## PROBLEM DETAILS:
Transcribe the entries below exactly, starting with the line that has "This decoration Christmas" and stopping after the line that has "Les résultats de"; no pictures belong in the copy.

## DATA SHOWN:
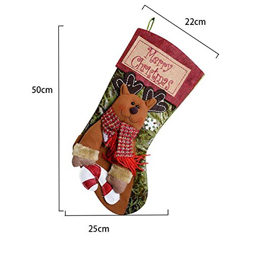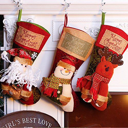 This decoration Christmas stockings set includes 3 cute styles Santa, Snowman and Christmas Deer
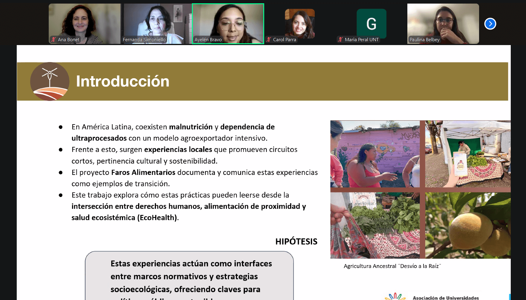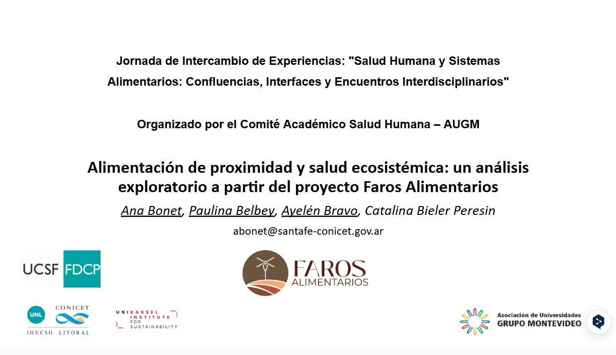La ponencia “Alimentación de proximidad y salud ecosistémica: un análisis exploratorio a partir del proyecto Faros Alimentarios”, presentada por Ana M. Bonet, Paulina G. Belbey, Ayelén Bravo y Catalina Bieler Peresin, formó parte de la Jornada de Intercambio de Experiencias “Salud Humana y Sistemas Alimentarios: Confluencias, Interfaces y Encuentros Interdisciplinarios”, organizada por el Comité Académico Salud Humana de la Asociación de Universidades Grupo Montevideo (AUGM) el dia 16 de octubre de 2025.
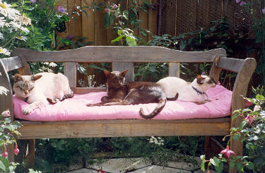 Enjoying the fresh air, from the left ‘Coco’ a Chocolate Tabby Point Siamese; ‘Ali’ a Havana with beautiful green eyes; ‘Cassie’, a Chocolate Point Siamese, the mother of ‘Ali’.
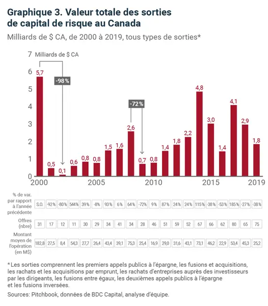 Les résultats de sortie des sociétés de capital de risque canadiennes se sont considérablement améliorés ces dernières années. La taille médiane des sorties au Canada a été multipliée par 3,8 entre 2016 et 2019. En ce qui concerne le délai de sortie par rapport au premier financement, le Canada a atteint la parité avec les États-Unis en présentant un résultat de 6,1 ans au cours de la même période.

* * *

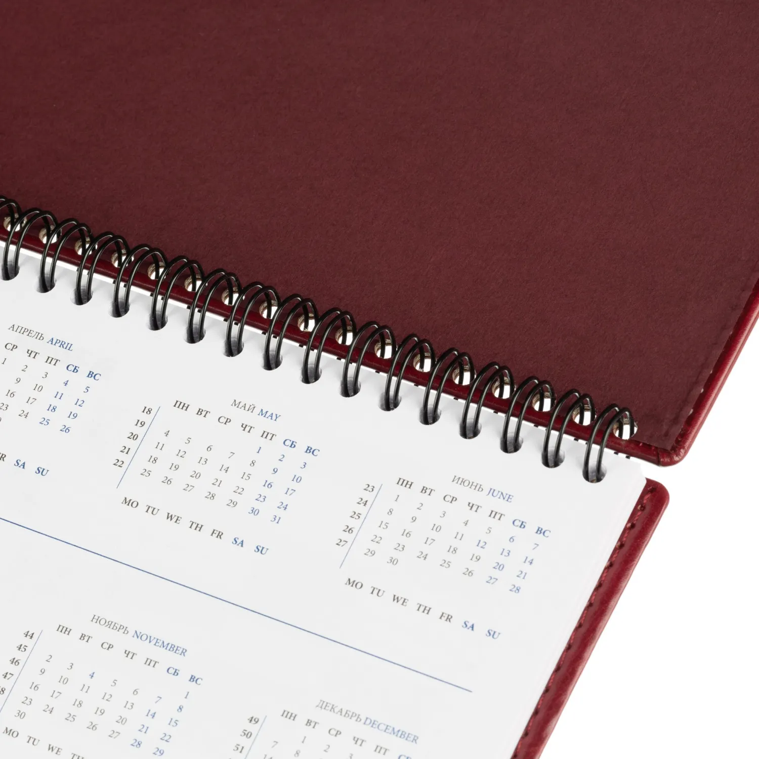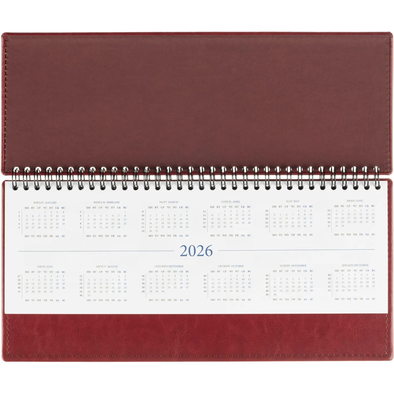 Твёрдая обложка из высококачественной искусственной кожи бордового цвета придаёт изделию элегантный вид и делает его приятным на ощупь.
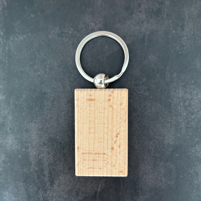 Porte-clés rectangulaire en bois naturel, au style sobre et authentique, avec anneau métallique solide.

## WRITTEN RESPONSE:
 This decoration Christmas stockings set includes 3 cute styles Santa, Snowman and Christmas Deer
La ponencia “Alimentación de proximidad y salud ecosistémica: un análisis exploratorio a partir del proyecto Faros Alimentarios”, presentada por Ana M. Bonet, Paulina G. Belbey, Ayelén Bravo y Catalina Bieler Peresin, formó parte de la Jornada de Intercambio de Experiencias “Salud Humana y Sistemas Alimentarios: Confluencias, Interfaces y Encuentros Interdisciplinarios”, organizada por el Comité Académico Salud Humana de la Asociación de Universidades Grupo Montevideo (AUGM) el dia 16 de octubre de 2025.
 Enjoying the fresh air, from the left ‘Coco’ a Chocolate Tabby Point Siamese; ‘Ali’ a Havana with beautiful green eyes; ‘Cassie’, a Chocolate Point Siamese, the mother of ‘Ali’.
 Les résultats de sortie des sociétés de capital de risque canadiennes se sont considérablement améliorés ces dernières années. La taille médiane des sorties au Canada a été multipliée par 3,8 entre 2016 et 2019. En ce qui concerne le délai de sortie par rapport au premier financement, le Canada a atteint la parité avec les États-Unis en présentant un résultat de 6,1 ans au cours de la même période.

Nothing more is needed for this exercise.